[Records for this task — start]
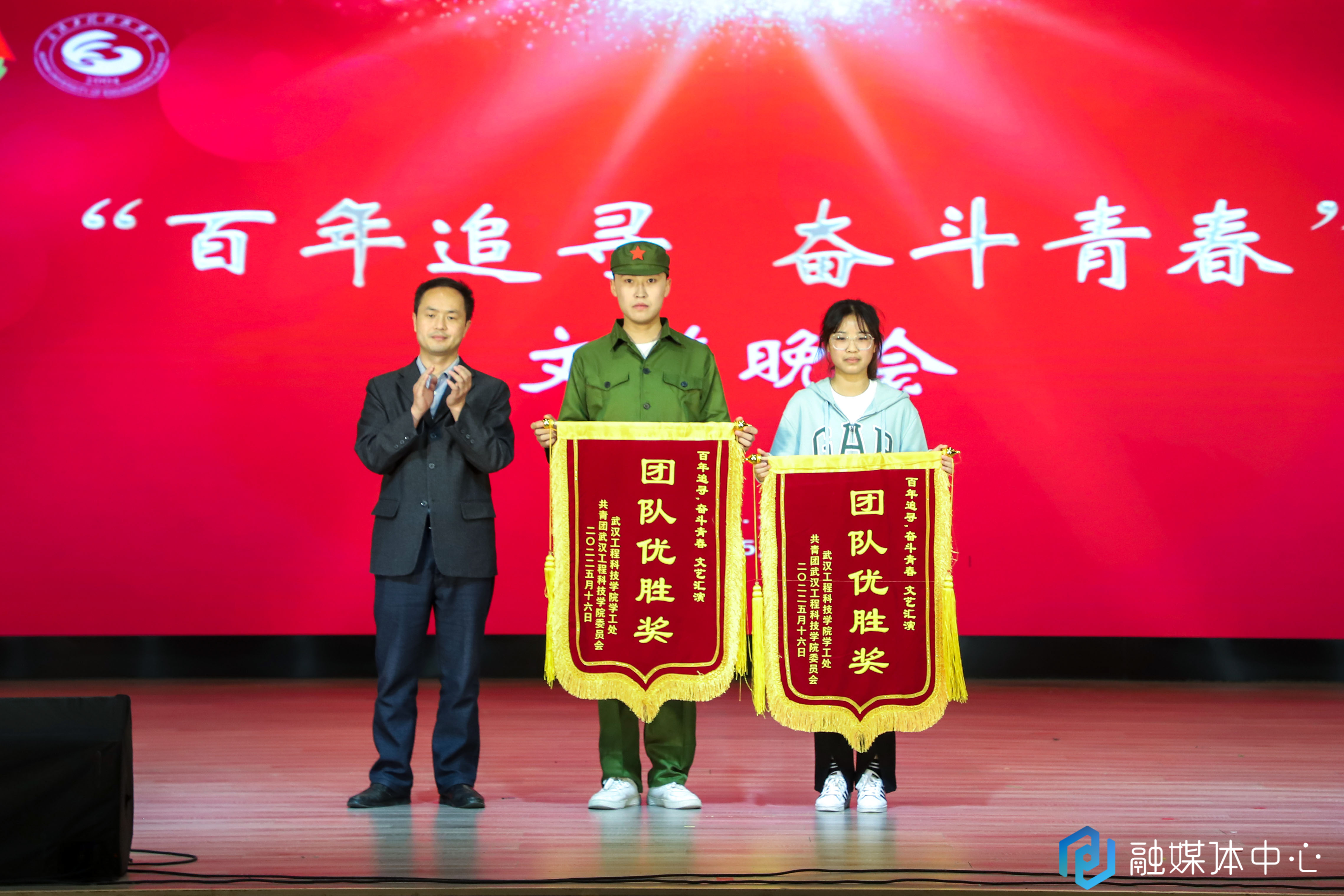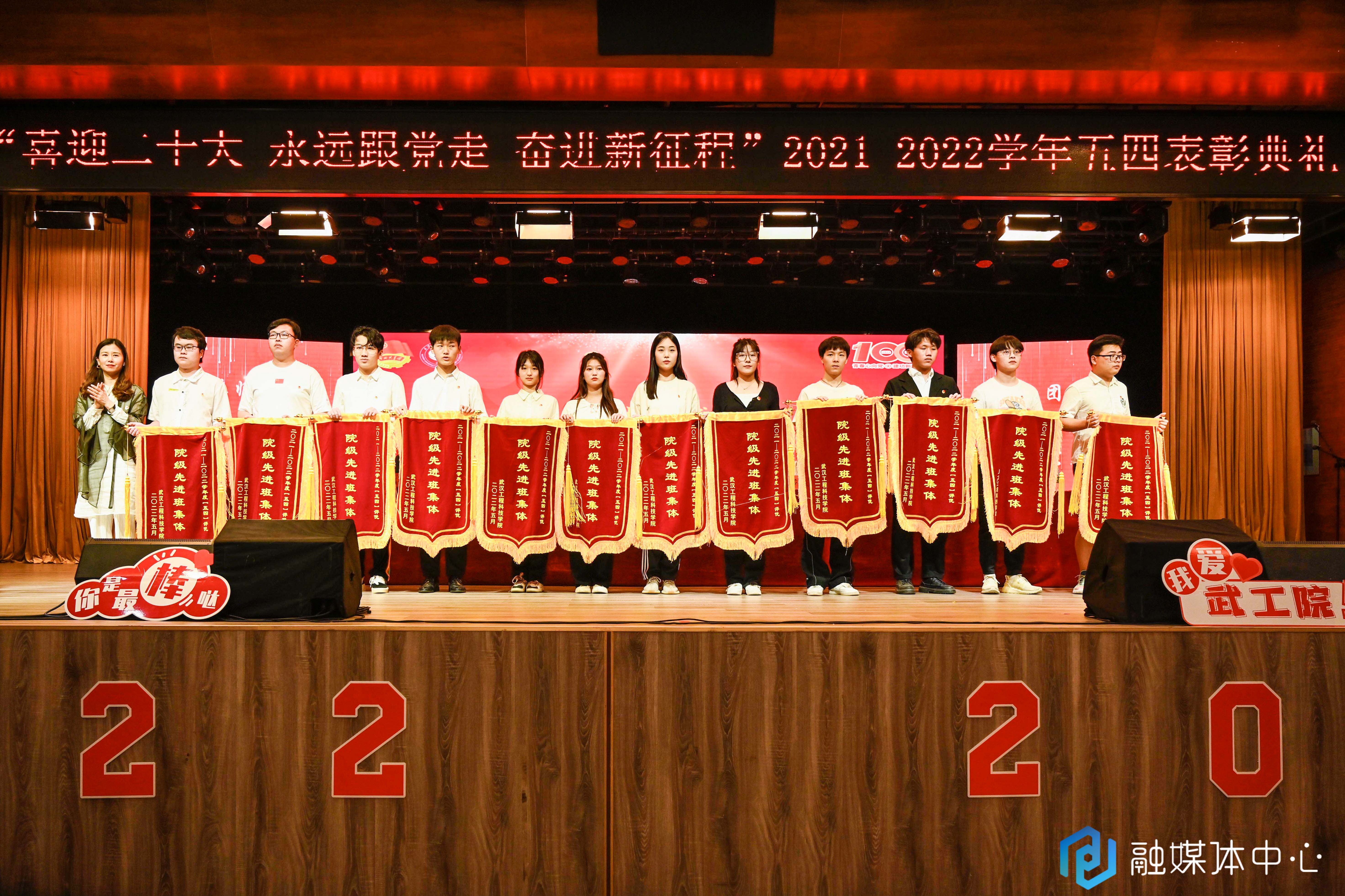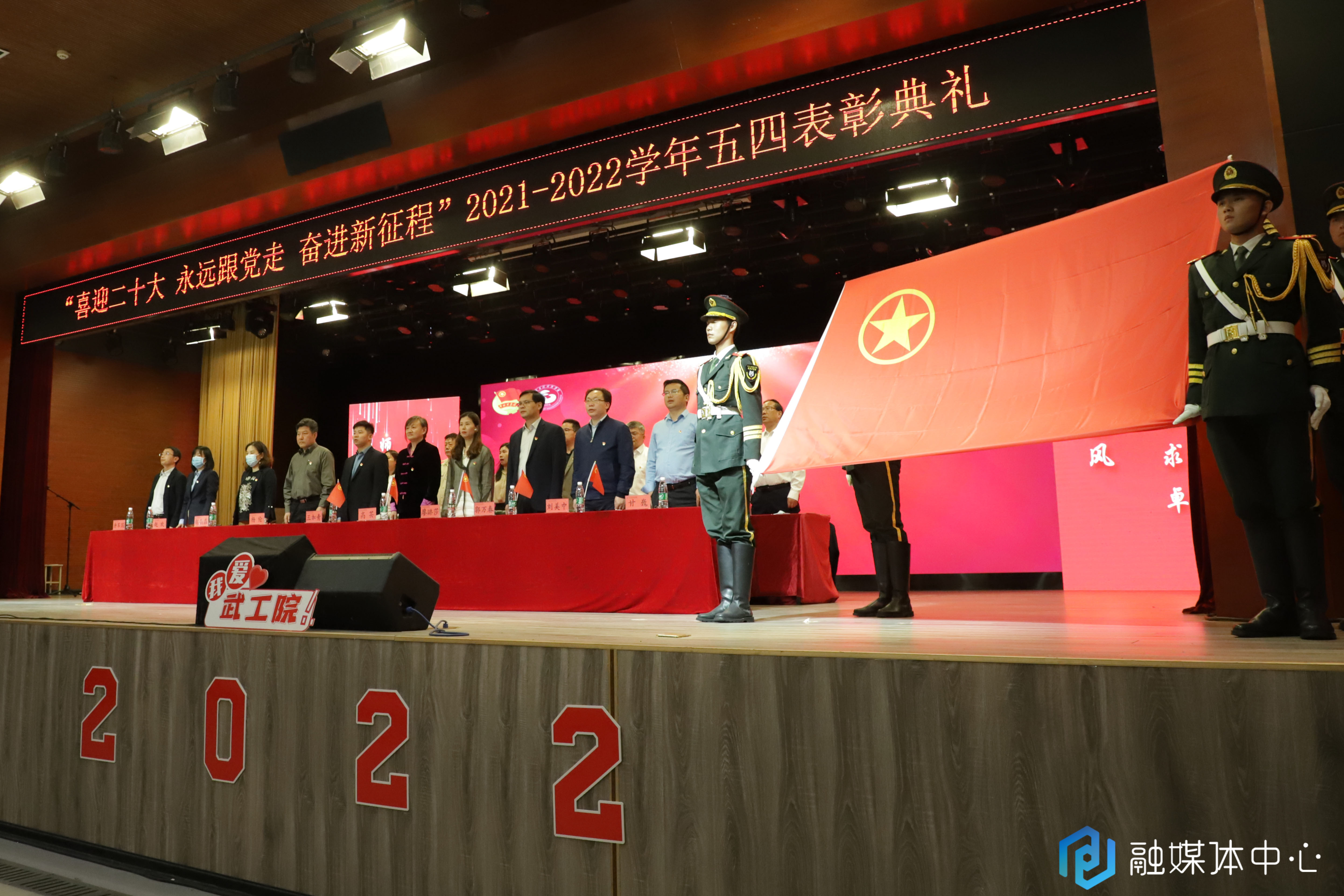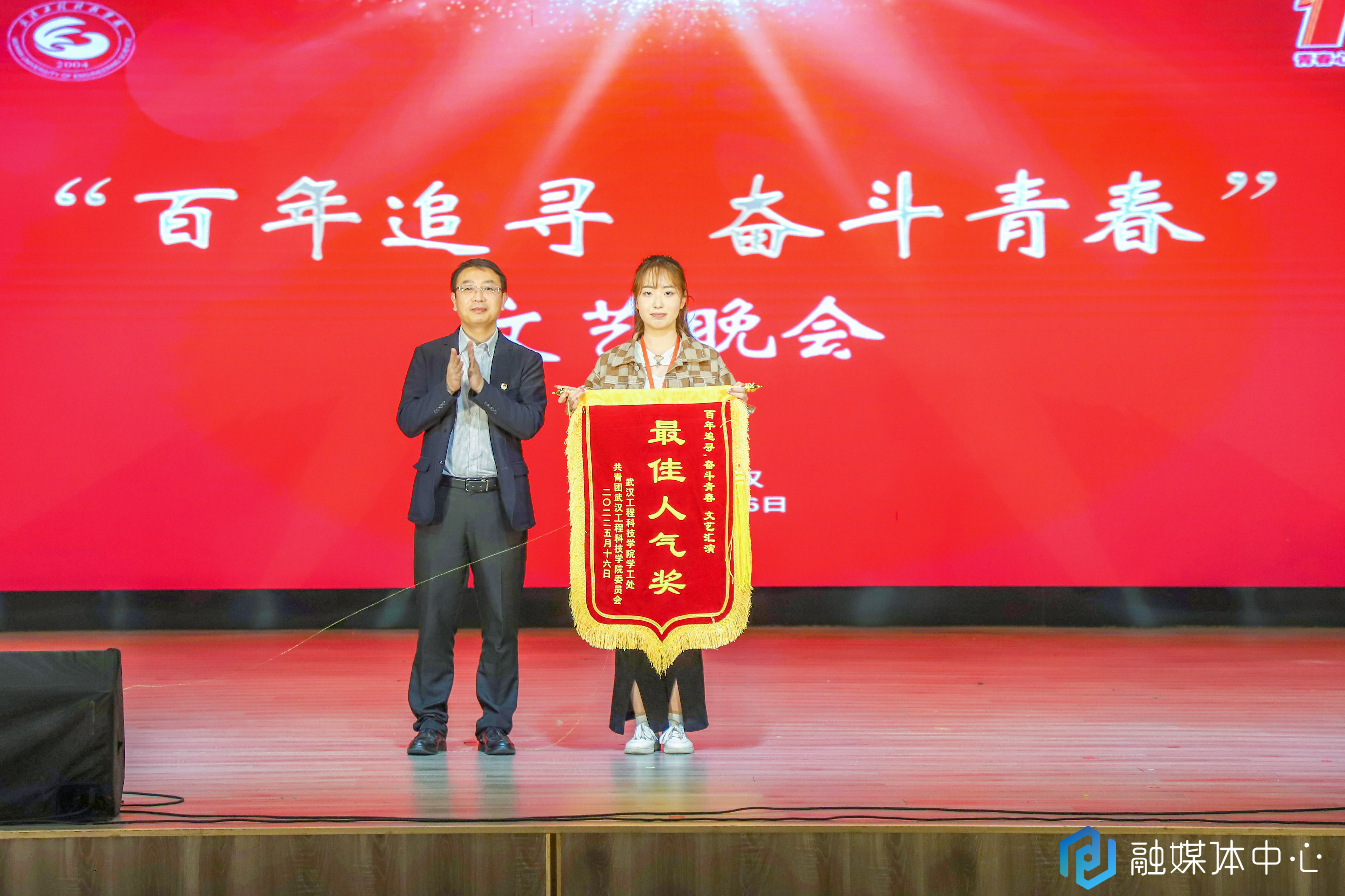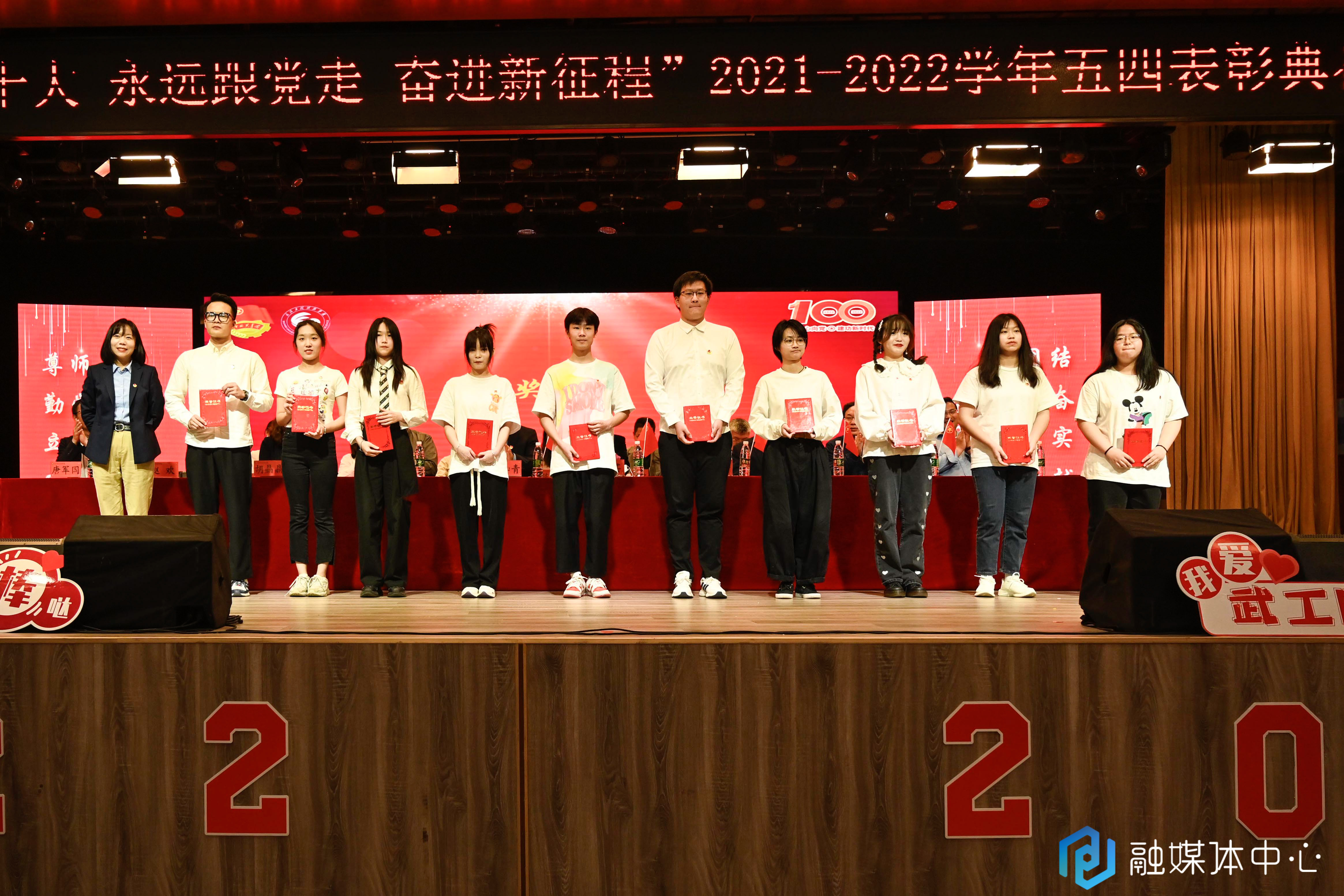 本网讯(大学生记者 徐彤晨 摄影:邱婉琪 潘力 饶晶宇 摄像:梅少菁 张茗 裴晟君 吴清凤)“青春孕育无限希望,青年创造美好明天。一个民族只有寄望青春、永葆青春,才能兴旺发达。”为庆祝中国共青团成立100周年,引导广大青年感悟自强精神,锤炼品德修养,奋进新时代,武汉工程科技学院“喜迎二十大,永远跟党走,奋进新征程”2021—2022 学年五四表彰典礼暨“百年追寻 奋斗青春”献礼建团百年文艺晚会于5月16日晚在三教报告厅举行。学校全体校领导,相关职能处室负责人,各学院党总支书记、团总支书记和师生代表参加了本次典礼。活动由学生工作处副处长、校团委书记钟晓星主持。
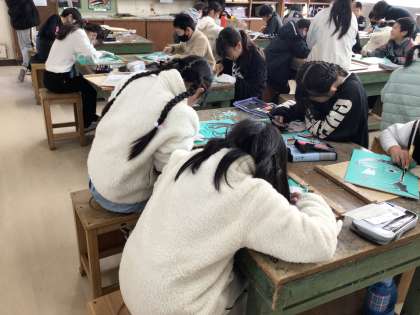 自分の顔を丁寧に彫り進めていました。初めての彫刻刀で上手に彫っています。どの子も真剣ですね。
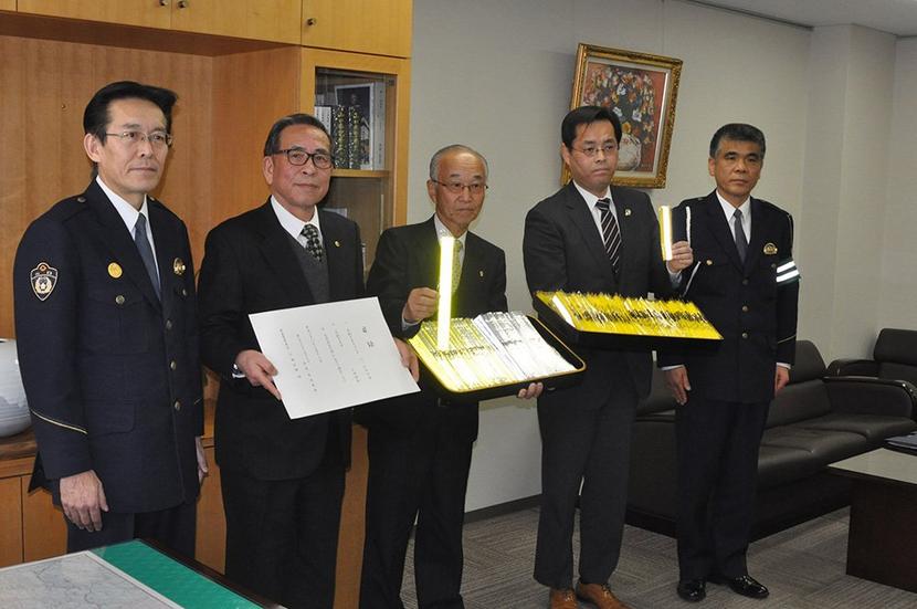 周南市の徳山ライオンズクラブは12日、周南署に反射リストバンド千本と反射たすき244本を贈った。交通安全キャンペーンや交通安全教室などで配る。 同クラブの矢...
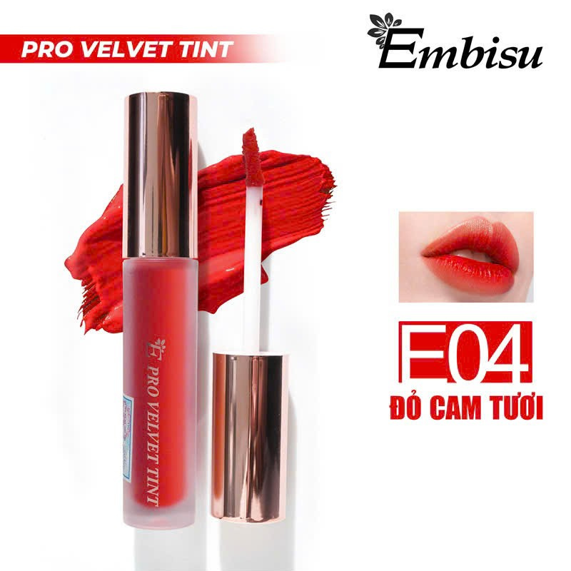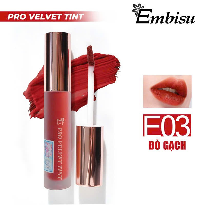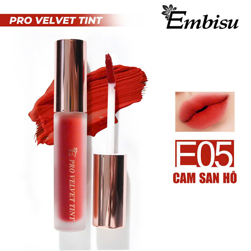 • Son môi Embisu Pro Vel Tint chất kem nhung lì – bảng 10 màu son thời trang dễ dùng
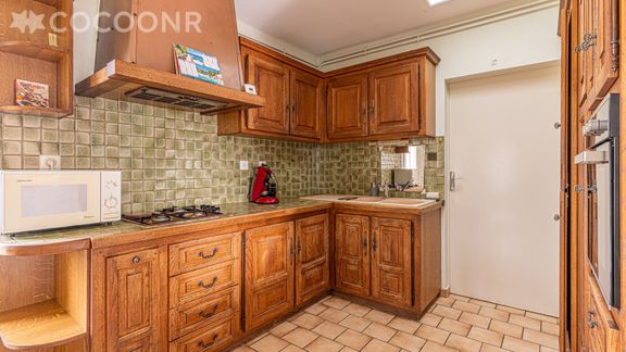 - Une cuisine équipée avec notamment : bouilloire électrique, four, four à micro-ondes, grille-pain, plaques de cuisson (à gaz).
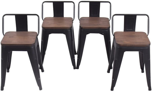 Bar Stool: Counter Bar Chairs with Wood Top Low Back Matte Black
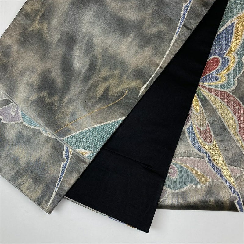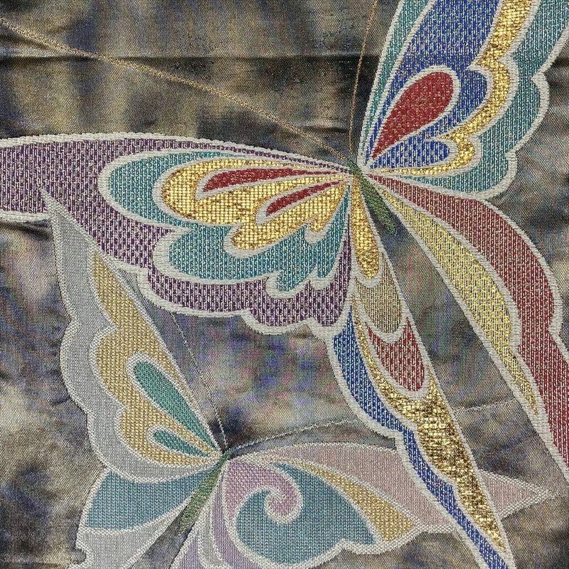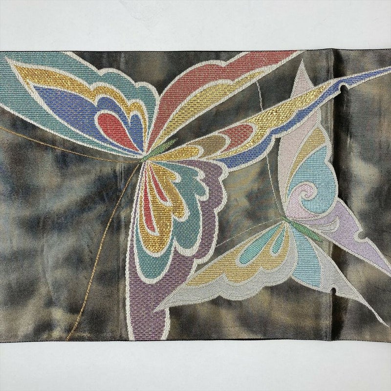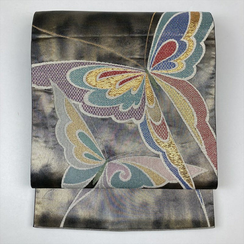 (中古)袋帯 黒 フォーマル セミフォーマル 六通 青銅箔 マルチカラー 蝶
[Records for this task — finish]
Begin at the first line of the entries and stop after the line holding "- Une cuisine"; repeat those lines exactly, but not the pictures.

 本网讯(大学生记者 徐彤晨 摄影:邱婉琪 潘力 饶晶宇 摄像:梅少菁 张茗 裴晟君 吴清凤)“青春孕育无限希望,青年创造美好明天。一个民族只有寄望青春、永葆青春,才能兴旺发达。”为庆祝中国共青团成立100周年,引导广大青年感悟自强精神,锤炼品德修养,奋进新时代,武汉工程科技学院“喜迎二十大,永远跟党走,奋进新征程”2021—2022 学年五四表彰典礼暨“百年追寻 奋斗青春”献礼建团百年文艺晚会于5月16日晚在三教报告厅举行。学校全体校领导,相关职能处室负责人,各学院党总支书记、团总支书记和师生代表参加了本次典礼。活动由学生工作处副处长、校团委书记钟晓星主持。
 自分の顔を丁寧に彫り進めていました。初めての彫刻刀で上手に彫っています。どの子も真剣ですね。
 周南市の徳山ライオンズクラブは12日、周南署に反射リストバンド千本と反射たすき244本を贈った。交通安全キャンペーンや交通安全教室などで配る。 同クラブの矢...
 • Son môi Embisu Pro Vel Tint chất kem nhung lì – bảng 10 màu son thời trang dễ dùng
 - Une cuisine équipée avec notamment : bouilloire électrique, four, four à micro-ondes, grille-pain, plaques de cuisson (à gaz).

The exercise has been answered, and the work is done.